Investors and analysts are souring on Pepsico's (PEP) much-publicized healthy products initiative. Given that Pepsi's stock has underperformed that of rival Coke (KO), they're suggesting the company should put more resources into its unhealthy -- yet immensely profitable -- products like soda and Cheetos.

Some of Pepsi's independent bottlers are equally annoyed at the direction Pepsi's savvy, mediagenic, forward-thinking CEO Indra Nooyi has taken the company: "Is she ashamed of selling carbonated sugar water?" asked Pat Weinstein, the incredulous owner of Weinstein Beverage in Seattle.

Such criticism illustrates the tremendous perils that publicly-traded processed food giants face in trying to reorient any significant part of their business around healthier fare. Investors want to see a company's cash cows continually milked, and they don't care if those cows are contributing to a national health crisis. As Marion Nestle put it in her blog:

Public concerns about obesity put food companies in an impossible dilemma. Even if companies want to produce healthier products and stop marketing to kids, they can't. If they do, they lose sales.
Pepsi isn't losing sales -- the company's total revenues were up by 33% to $57.8 billion -- but its flagship product is on sinking ground. In March, Beverage Digest reported that Diet Coke had nudged out Pepsi for the #2 spot among most consumed beverages in the U.S. Original Coke is still at #1.

Short shrift to soda and chips
This is a problem for investors, and of course bottlers, because sugary carbonated drinks remain a huge chunk of Pepsi's business. Yes, we're all drinking less soda than we did in 2005, but the stuff is still America's favorite (purchasable) beverage, with the average American consuming 45 gallons of it a year. And the Frito-Lay snacks division ("fun for you" Lay's potato chips, Doritos, Cheetos and Fritos) brings in by far the most operating profit for the company.

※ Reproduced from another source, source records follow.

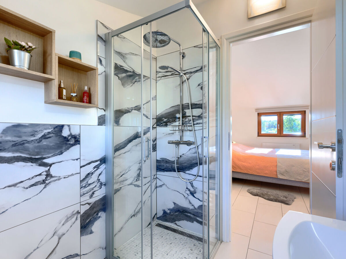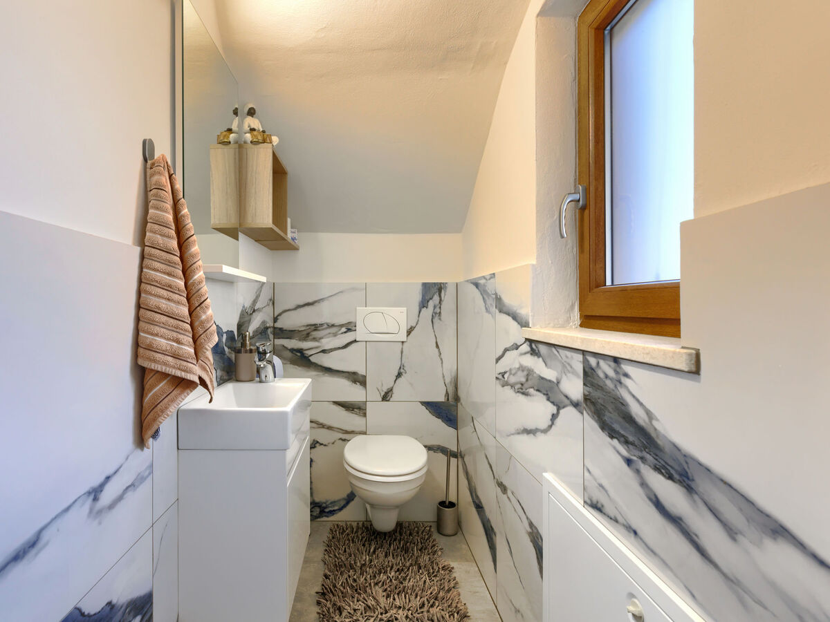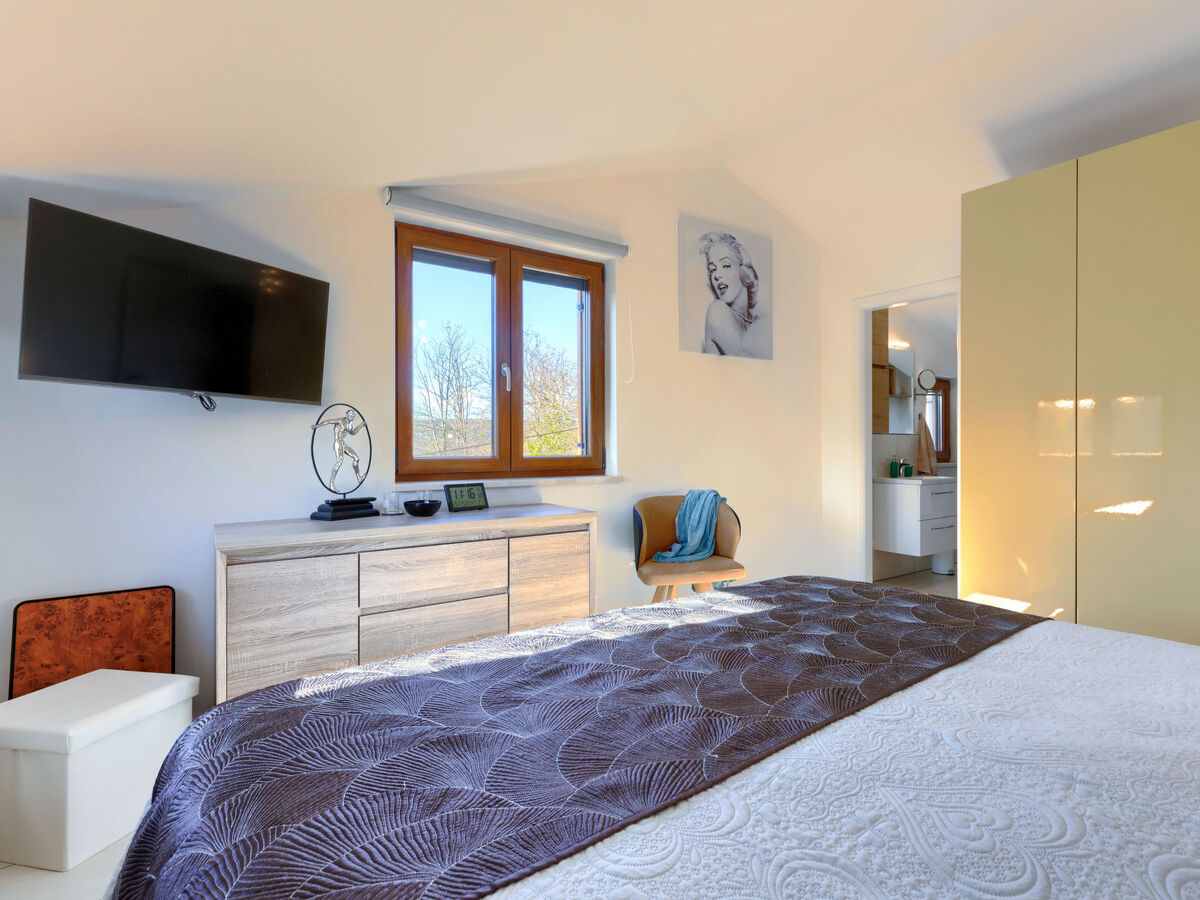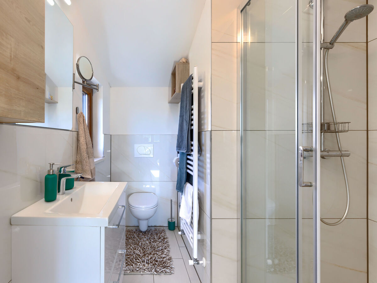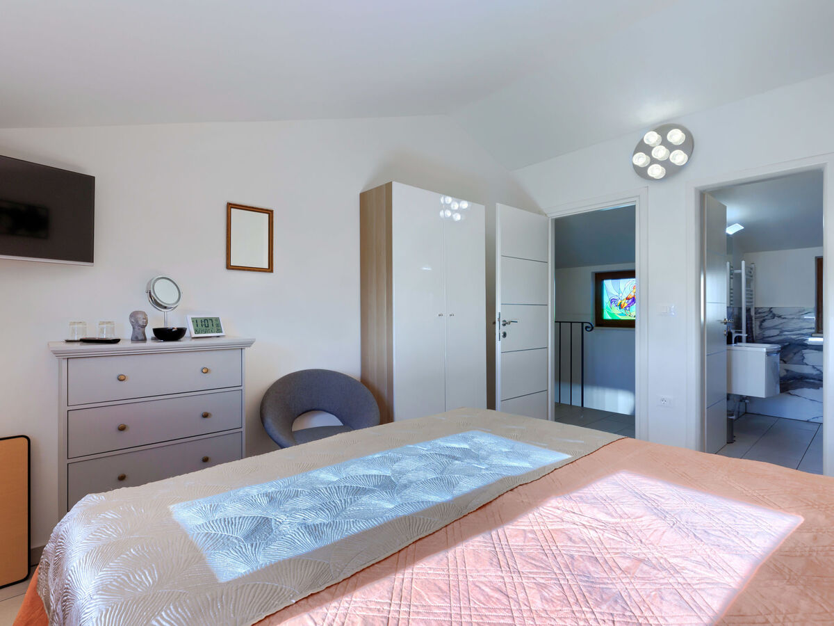 Sous le toit: 2 chambres, mansardées, chaque chambre avec: 1 grand-lit (180 cm, longueur 200 cm), douche/WC, TV (satellite), air-conditionné et chauffage à air chaud.
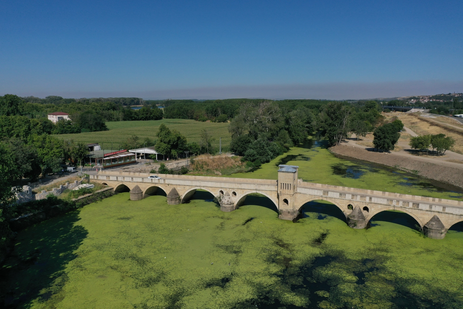Tunca Köprüsü ile Kanuni Köprüsü çevresinde nehir yüzeyinin tamamı neredeyse yosun ve su mercimekleri ile kaplandı.
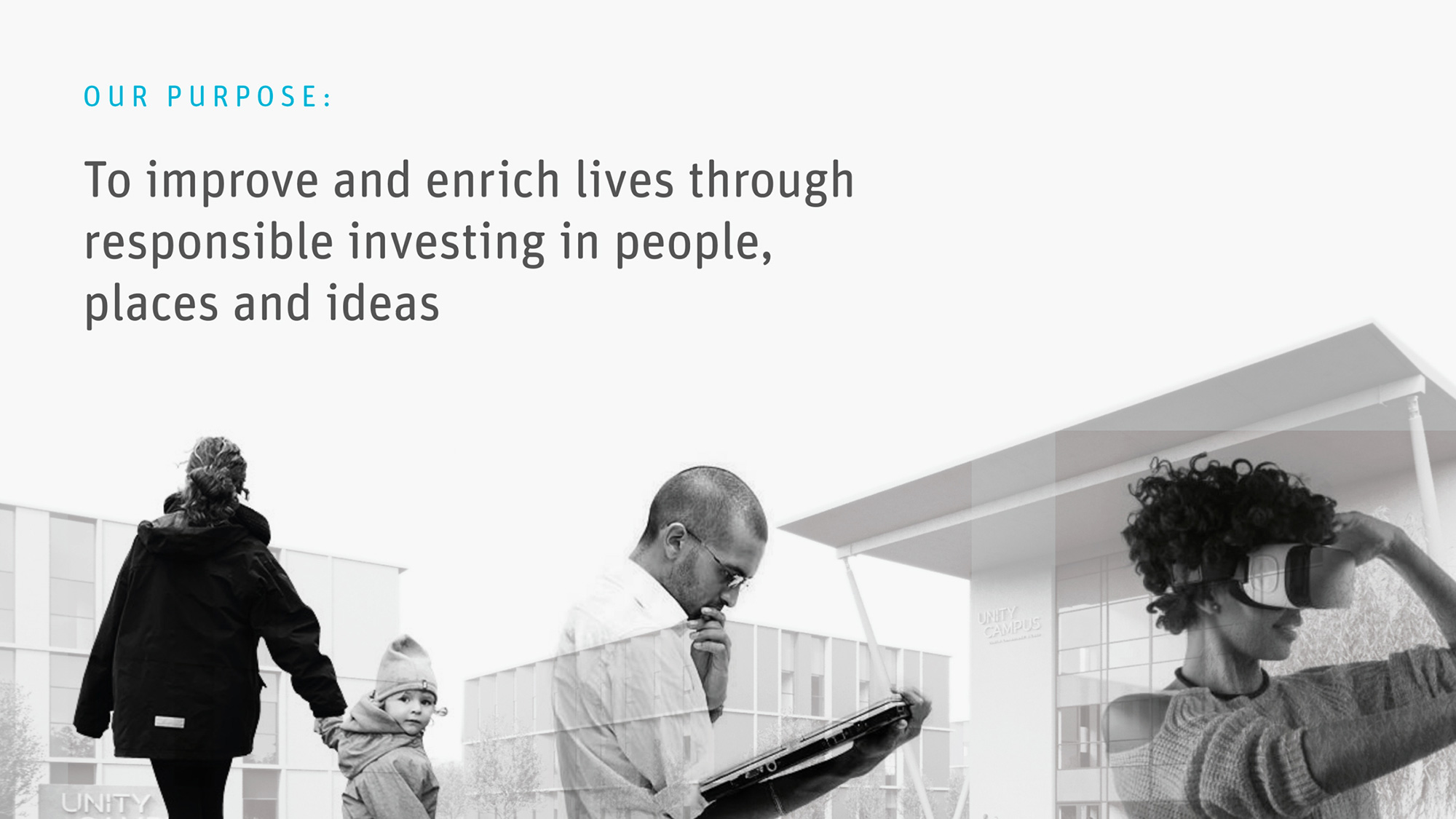 As a family-owned business, established over 85 years ago and in its third generation of stewardship, we have a clear sense of who we are and of the long-standing values that run through everything we do. We are united behind a simple purpose “To improve and enrich lives through responsible investing in people, places and ideas”. This means taking a long-term view when making decisions and evaluating the societal impact of all our activities, from property management and development, to investing in new businesses.
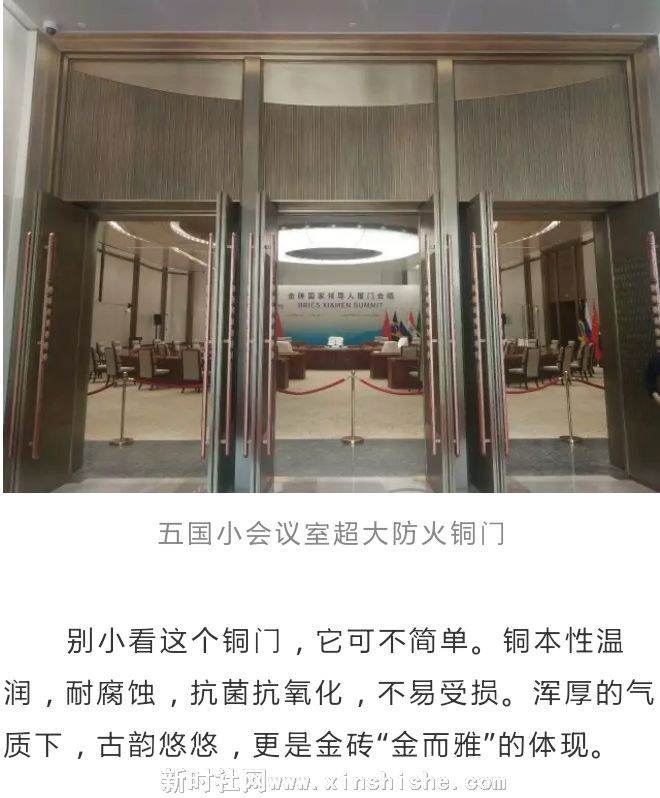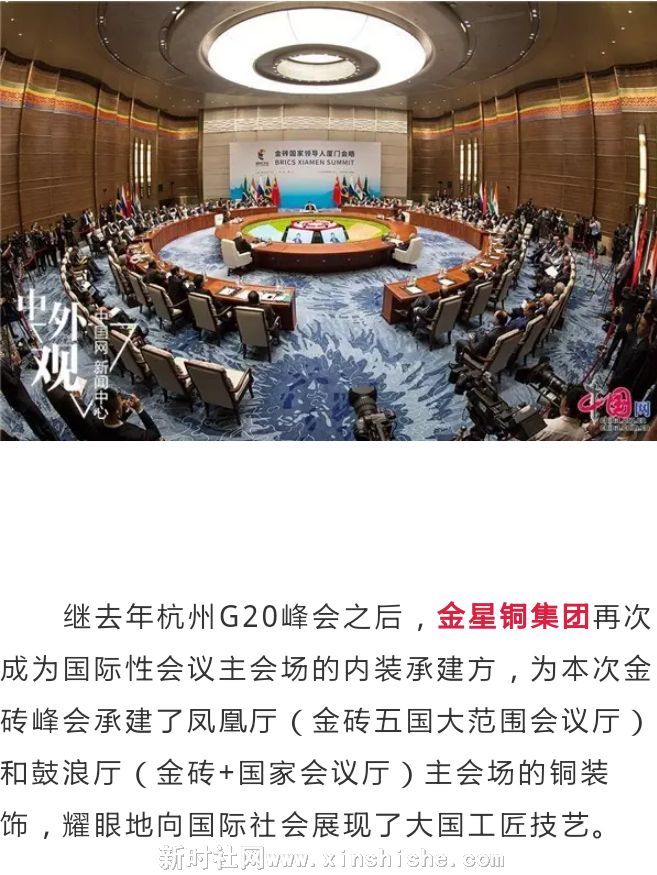 继去年杭州G20峰会之后,金星铜集团再次成为国际性会议主会场的内装承建方,为本次金砖峰会承建了凤凰厅(金砖五国大范围会议厅)和鼓浪厅(金砖+国家会议厅)主会场的铜装饰,耀眼地向国际社会展现了大国工匠技艺。
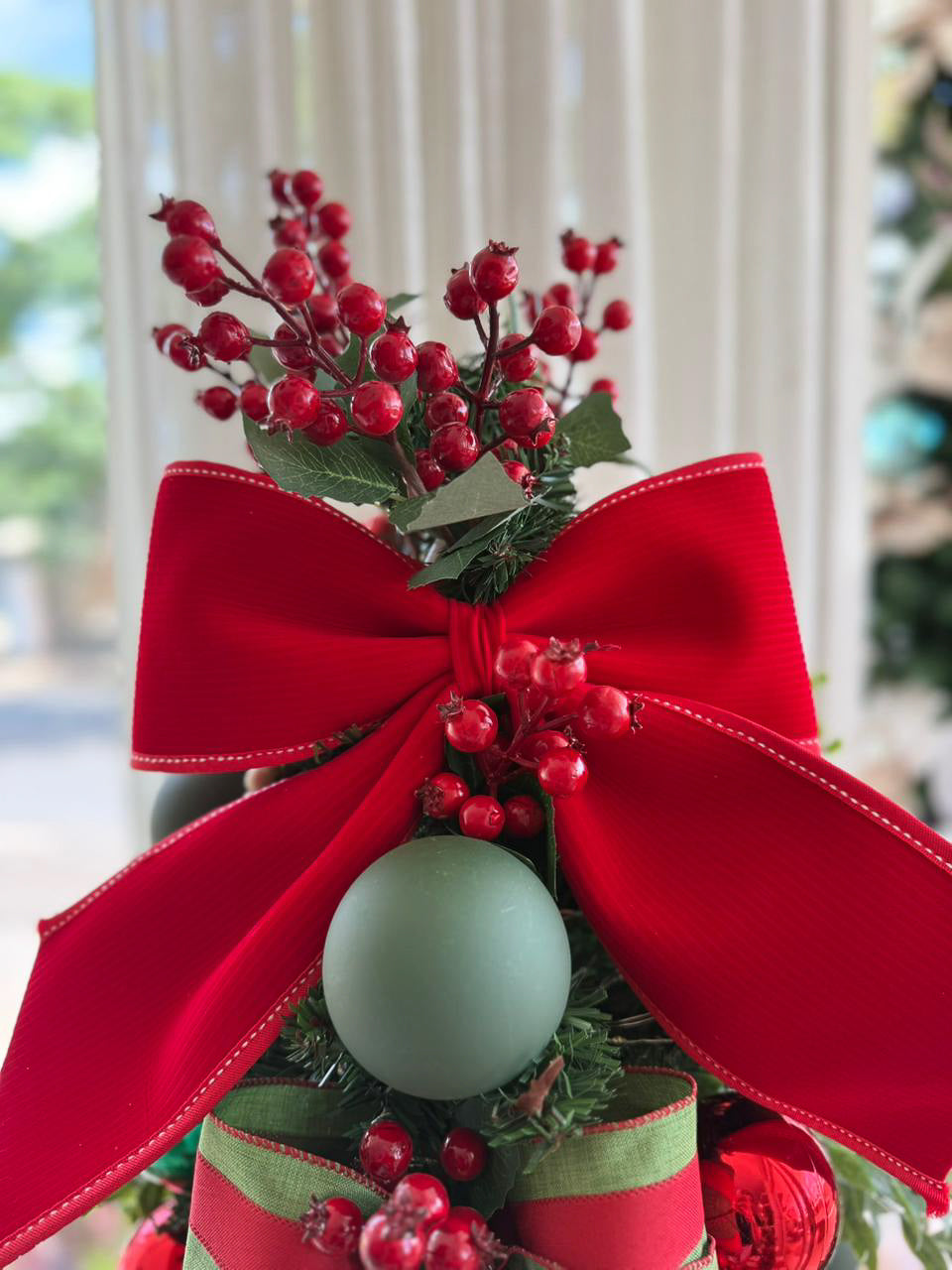 A Árvore de Natal Greenberry combina o encanto clássico do vermelho e verde com um toque moderno e vibrante. Decorada com laços de veludo, esferas em tons foscos e brilhantes e ramos com frutinhos natalinos, ela traz o equilíbrio perfeito entre tradição e frescor.

It's hard to imagine a CEO being ashamed of her company's leading revenue and profit generators, but over the past year, Nooyi has probably spent more time talking publicly about a "drinkable oats product" that will be launched in Latin America later this year than she has about the company's flagship colas. And as far as marketing goes, soda has been getting short shrift. Ad spending in the U.S. was $348 million in 2005, but just $153 million last year, while Coke spent $253 million.

Pepsi is trying to remedy this by boosting TV advertising spending for its beverages, particularly soda, by 30% this year. In addition a summer ad campaign for Pepsi ("Summer Time Is Pepsi Time''), the soda will be part of a $60 million sponsorship deal on Simon Cowell's X Factor this fall.

Pepsi's dilemma
If Pepsi is smart, it should be able to manage the balance between developing healthier foods and selling its big, "fun" brands. But it also means it'll never be the truly responsible corporate citizen and public health darling Nooyi seems to want it to be.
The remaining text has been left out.